### [TASK]
Repeat the entries below word for word, though any picture in them should be dropped.

### [Data excerpts]
'''

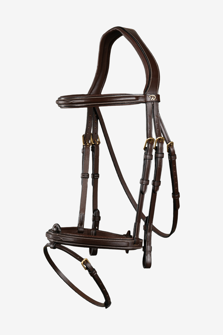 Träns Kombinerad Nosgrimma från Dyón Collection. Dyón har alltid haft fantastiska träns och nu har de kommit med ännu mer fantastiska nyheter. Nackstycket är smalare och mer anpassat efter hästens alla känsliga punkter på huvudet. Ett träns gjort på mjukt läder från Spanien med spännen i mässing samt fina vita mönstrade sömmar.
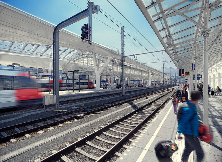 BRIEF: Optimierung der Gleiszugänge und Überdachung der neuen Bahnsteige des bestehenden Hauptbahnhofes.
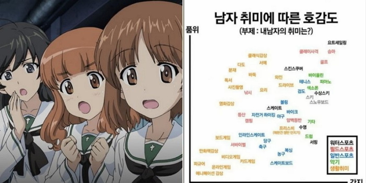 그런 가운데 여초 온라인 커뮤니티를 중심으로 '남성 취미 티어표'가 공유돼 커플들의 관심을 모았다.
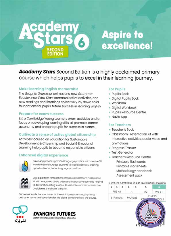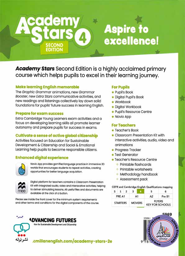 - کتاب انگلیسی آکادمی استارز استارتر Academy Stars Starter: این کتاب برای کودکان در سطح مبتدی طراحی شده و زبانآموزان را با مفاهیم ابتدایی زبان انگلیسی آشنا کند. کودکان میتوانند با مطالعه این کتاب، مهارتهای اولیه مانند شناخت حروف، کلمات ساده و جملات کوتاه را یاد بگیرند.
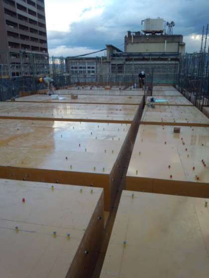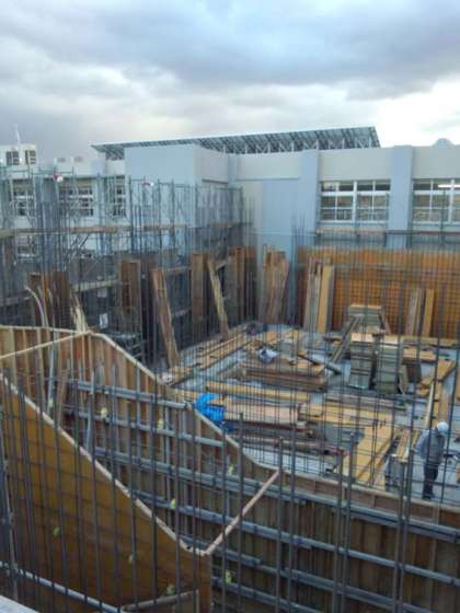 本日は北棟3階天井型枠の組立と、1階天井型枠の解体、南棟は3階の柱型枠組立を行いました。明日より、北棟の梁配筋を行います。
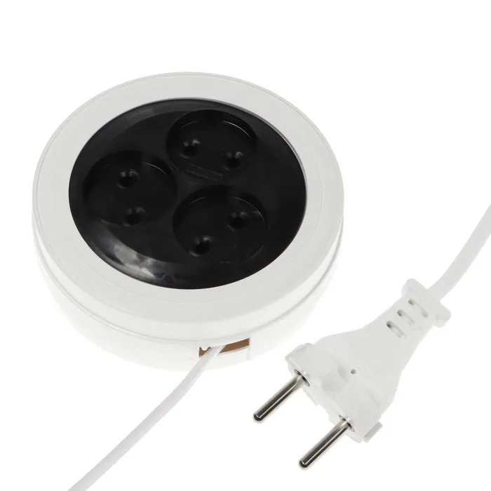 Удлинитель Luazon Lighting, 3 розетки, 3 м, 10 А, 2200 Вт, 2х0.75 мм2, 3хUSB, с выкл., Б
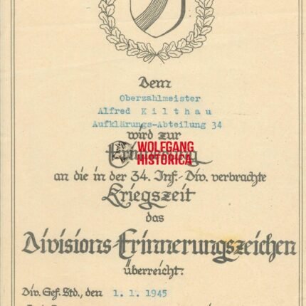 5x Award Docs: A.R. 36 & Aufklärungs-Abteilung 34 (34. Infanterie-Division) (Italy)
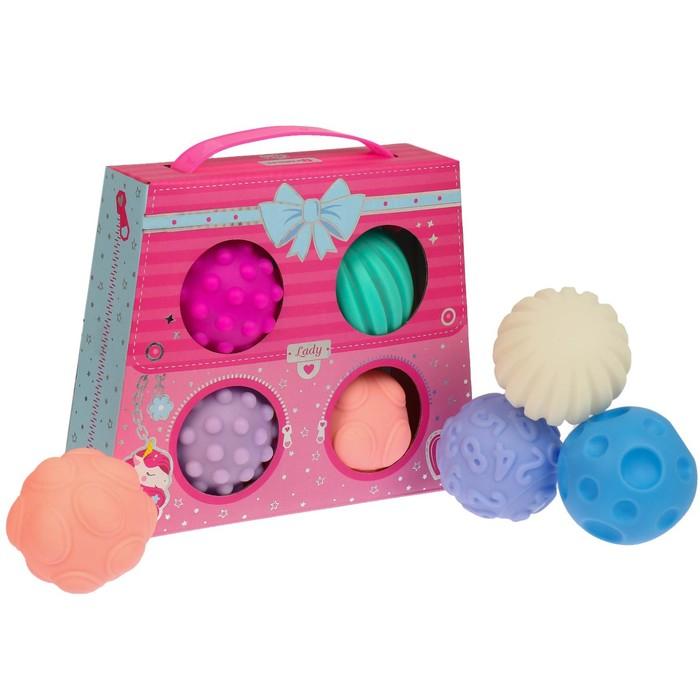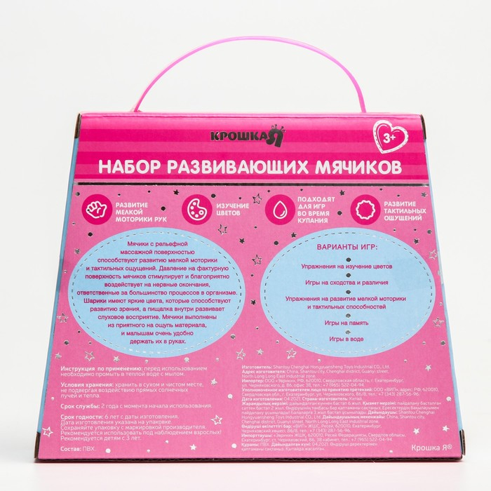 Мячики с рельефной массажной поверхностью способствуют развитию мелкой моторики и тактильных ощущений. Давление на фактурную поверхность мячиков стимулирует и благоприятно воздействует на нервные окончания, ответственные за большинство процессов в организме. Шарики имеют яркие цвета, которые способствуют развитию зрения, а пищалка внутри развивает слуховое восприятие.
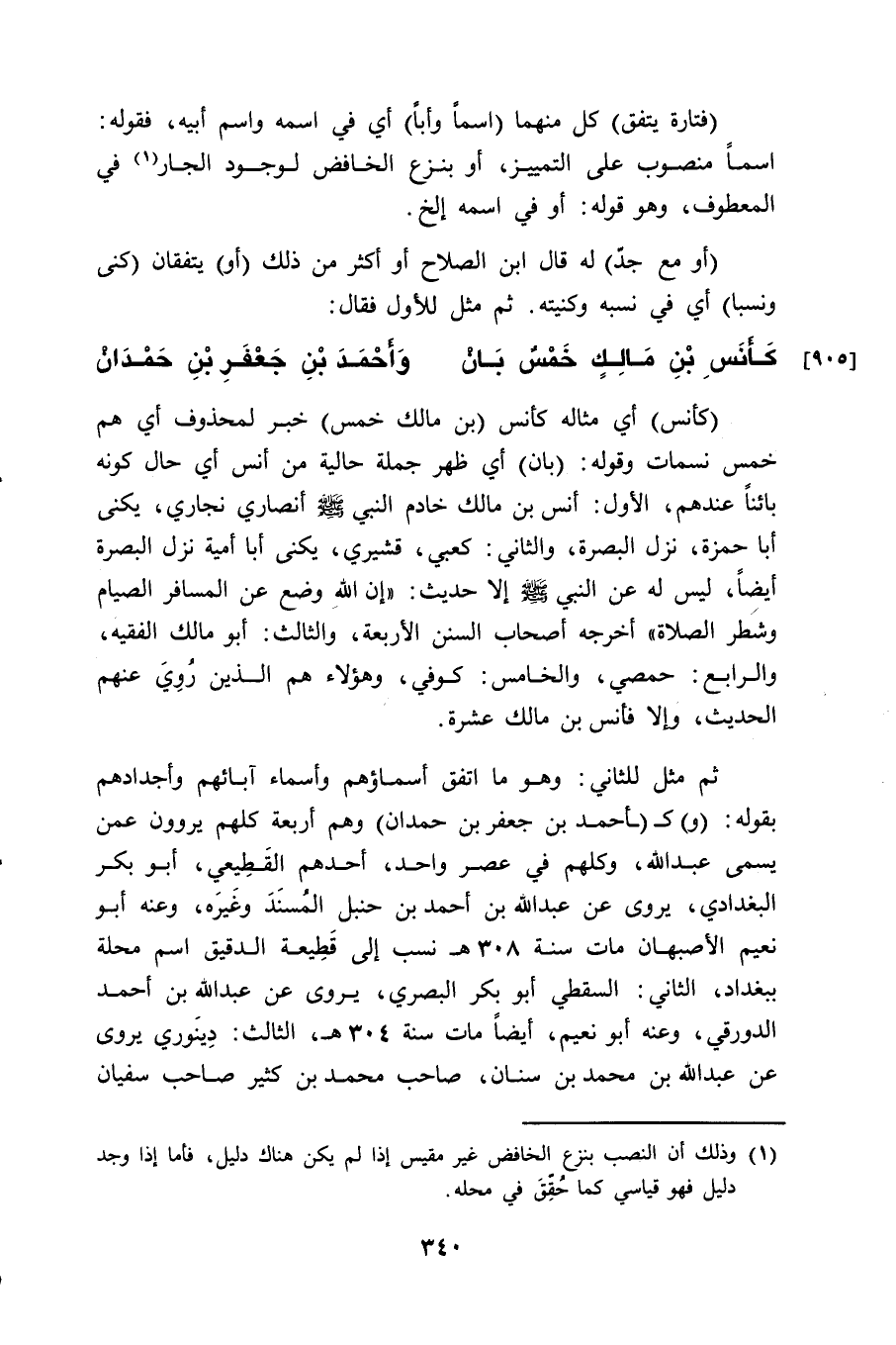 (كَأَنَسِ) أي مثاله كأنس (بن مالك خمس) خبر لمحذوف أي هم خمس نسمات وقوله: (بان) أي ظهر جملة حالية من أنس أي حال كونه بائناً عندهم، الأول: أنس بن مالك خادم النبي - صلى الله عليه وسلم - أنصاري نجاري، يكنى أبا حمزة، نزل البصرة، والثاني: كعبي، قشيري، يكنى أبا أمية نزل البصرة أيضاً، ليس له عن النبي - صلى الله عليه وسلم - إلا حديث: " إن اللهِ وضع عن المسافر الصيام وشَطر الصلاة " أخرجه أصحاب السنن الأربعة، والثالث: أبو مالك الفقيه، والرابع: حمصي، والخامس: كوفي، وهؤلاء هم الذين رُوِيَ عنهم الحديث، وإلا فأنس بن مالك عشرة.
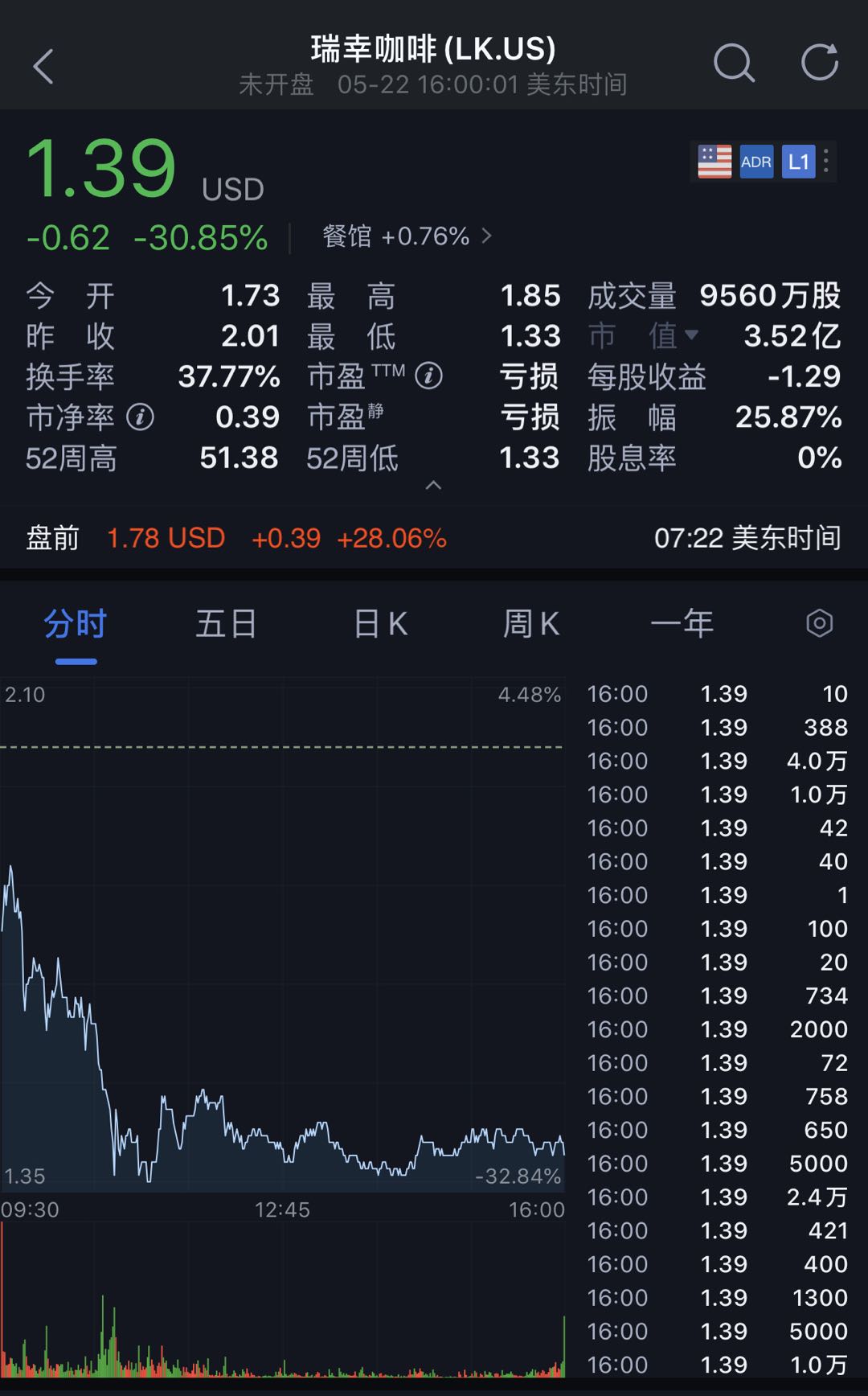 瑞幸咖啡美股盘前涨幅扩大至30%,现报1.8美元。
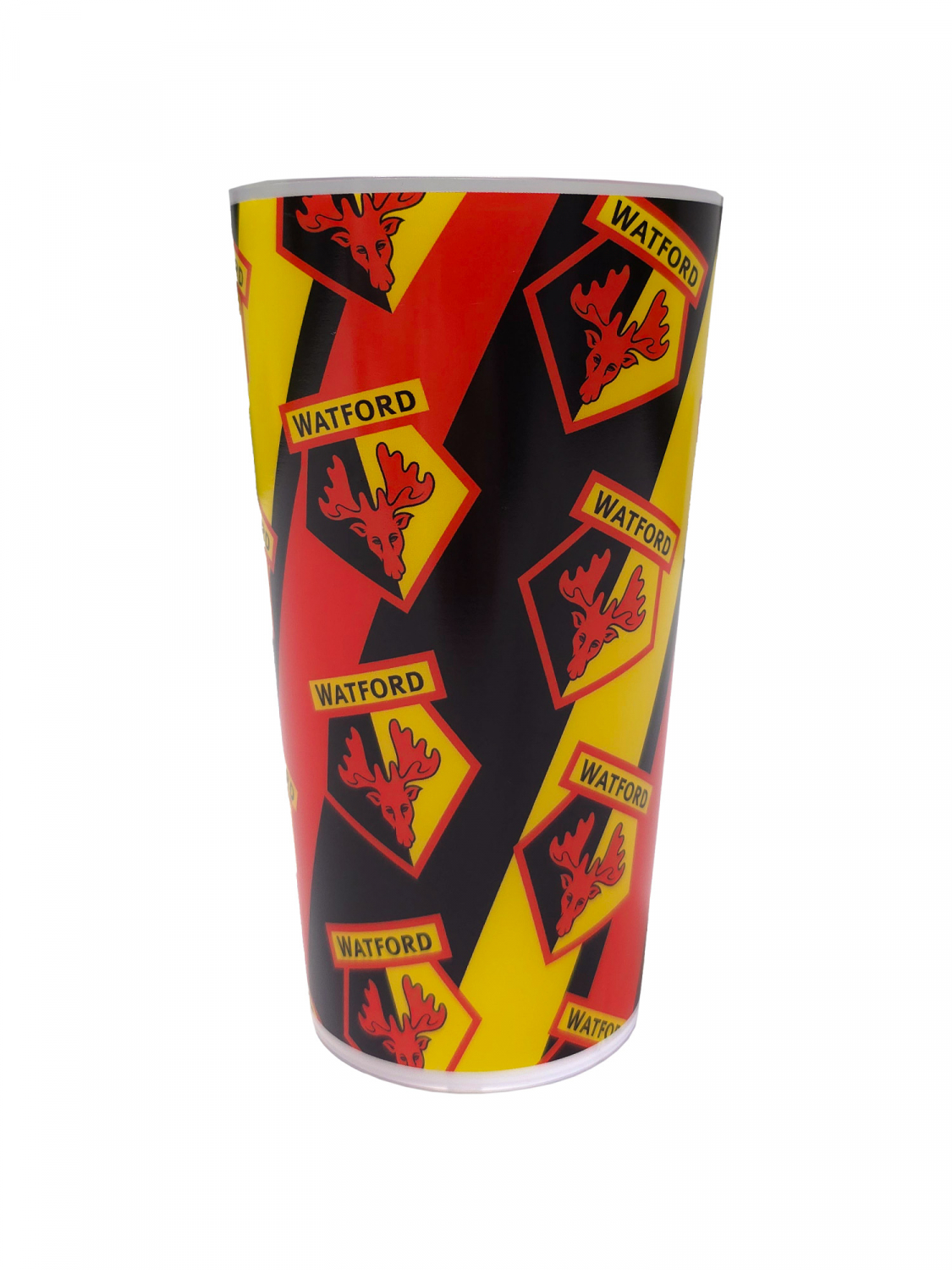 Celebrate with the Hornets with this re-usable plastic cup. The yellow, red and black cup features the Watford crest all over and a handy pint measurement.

'''

### [ANSWER SPACE]
 Träns Kombinerad Nosgrimma från Dyón Collection. Dyón har alltid haft fantastiska träns och nu har de kommit med ännu mer fantastiska nyheter. Nackstycket är smalare och mer anpassat efter hästens alla känsliga punkter på huvudet. Ett träns gjort på mjukt läder från Spanien med spännen i mässing samt fina vita mönstrade sömmar.
 BRIEF: Optimierung der Gleiszugänge und Überdachung der neuen Bahnsteige des bestehenden Hauptbahnhofes.
 그런 가운데 여초 온라인 커뮤니티를 중심으로 '남성 취미 티어표'가 공유돼 커플들의 관심을 모았다.
 - کتاب انگلیسی آکادمی استارز استارتر Academy Stars Starter: این کتاب برای کودکان در سطح مبتدی طراحی شده و زبانآموزان را با مفاهیم ابتدایی زبان انگلیسی آشنا کند. کودکان میتوانند با مطالعه این کتاب، مهارتهای اولیه مانند شناخت حروف، کلمات ساده و جملات کوتاه را یاد بگیرند.
 本日は北棟3階天井型枠の組立と、1階天井型枠の解体、南棟は3階の柱型枠組立を行いました。明日より、北棟の梁配筋を行います。
 Удлинитель Luazon Lighting, 3 розетки, 3 м, 10 А, 2200 Вт, 2х0.75 мм2, 3хUSB, с выкл., Б
 5x Award Docs: A.R. 36 & Aufklärungs-Abteilung 34 (34. Infanterie-Division) (Italy)
 Мячики с рельефной массажной поверхностью способствуют развитию мелкой моторики и тактильных ощущений. Давление на фактурную поверхность мячиков стимулирует и благоприятно воздействует на нервные окончания, ответственные за большинство процессов в организме. Шарики имеют яркие цвета, которые способствуют развитию зрения, а пищалка внутри развивает слуховое восприятие.
 (كَأَنَسِ) أي مثاله كأنس (بن مالك خمس) خبر لمحذوف أي هم خمس نسمات وقوله: (بان) أي ظهر جملة حالية من أنس أي حال كونه بائناً عندهم، الأول: أنس بن مالك خادم النبي - صلى الله عليه وسلم - أنصاري نجاري، يكنى أبا حمزة، نزل البصرة، والثاني: كعبي، قشيري، يكنى أبا أمية نزل البصرة أيضاً، ليس له عن النبي - صلى الله عليه وسلم - إلا حديث: " إن اللهِ وضع عن المسافر الصيام وشَطر الصلاة " أخرجه أصحاب السنن الأربعة، والثالث: أبو مالك الفقيه، والرابع: حمصي، والخامس: كوفي، وهؤلاء هم الذين رُوِيَ عنهم الحديث، وإلا فأنس بن مالك عشرة.
 瑞幸咖啡美股盘前涨幅扩大至30%,现报1.8美元。
 Celebrate with the Hornets with this re-usable plastic cup. The yellow, red and black cup features the Watford crest all over and a handy pint measurement.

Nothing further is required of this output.